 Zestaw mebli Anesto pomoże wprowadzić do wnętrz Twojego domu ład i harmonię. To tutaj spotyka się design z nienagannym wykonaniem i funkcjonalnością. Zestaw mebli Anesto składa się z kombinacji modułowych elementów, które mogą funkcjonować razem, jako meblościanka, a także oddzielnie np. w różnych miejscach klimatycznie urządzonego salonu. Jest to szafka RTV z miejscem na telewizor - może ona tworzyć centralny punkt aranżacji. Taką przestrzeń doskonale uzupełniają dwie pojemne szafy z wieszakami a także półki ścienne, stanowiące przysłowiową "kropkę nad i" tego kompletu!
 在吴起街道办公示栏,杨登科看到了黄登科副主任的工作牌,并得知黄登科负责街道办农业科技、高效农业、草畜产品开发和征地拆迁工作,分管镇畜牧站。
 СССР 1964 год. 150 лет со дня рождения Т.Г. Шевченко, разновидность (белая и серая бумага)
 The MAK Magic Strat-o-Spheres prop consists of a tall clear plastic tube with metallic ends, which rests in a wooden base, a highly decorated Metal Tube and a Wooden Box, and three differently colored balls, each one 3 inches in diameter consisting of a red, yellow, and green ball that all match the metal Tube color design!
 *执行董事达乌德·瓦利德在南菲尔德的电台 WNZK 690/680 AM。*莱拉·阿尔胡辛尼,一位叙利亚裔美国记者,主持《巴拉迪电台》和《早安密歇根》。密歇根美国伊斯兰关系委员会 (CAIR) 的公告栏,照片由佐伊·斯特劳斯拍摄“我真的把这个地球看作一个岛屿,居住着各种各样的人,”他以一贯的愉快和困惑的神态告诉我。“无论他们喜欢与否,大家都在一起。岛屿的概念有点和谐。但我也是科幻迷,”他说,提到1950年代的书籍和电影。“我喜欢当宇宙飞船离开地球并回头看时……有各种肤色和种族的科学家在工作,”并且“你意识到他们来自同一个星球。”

◇ ◇ ◇ ◇ ◇

▸ **PROBLEM STATEMENT**:
Your task is to quote the lines above, beginning with the first and ending with the one that holds "The MAK Magic".

▸ **WRITTEN RESPONSE**:
 Zestaw mebli Anesto pomoże wprowadzić do wnętrz Twojego domu ład i harmonię. To tutaj spotyka się design z nienagannym wykonaniem i funkcjonalnością. Zestaw mebli Anesto składa się z kombinacji modułowych elementów, które mogą funkcjonować razem, jako meblościanka, a także oddzielnie np. w różnych miejscach klimatycznie urządzonego salonu. Jest to szafka RTV z miejscem na telewizor - może ona tworzyć centralny punkt aranżacji. Taką przestrzeń doskonale uzupełniają dwie pojemne szafy z wieszakami a także półki ścienne, stanowiące przysłowiową "kropkę nad i" tego kompletu!
 在吴起街道办公示栏,杨登科看到了黄登科副主任的工作牌,并得知黄登科负责街道办农业科技、高效农业、草畜产品开发和征地拆迁工作,分管镇畜牧站。
 СССР 1964 год. 150 лет со дня рождения Т.Г. Шевченко, разновидность (белая и серая бумага)
 The MAK Magic Strat-o-Spheres prop consists of a tall clear plastic tube with metallic ends, which rests in a wooden base, a highly decorated Metal Tube and a Wooden Box, and three differently colored balls, each one 3 inches in diameter consisting of a red, yellow, and green ball that all match the metal Tube color design!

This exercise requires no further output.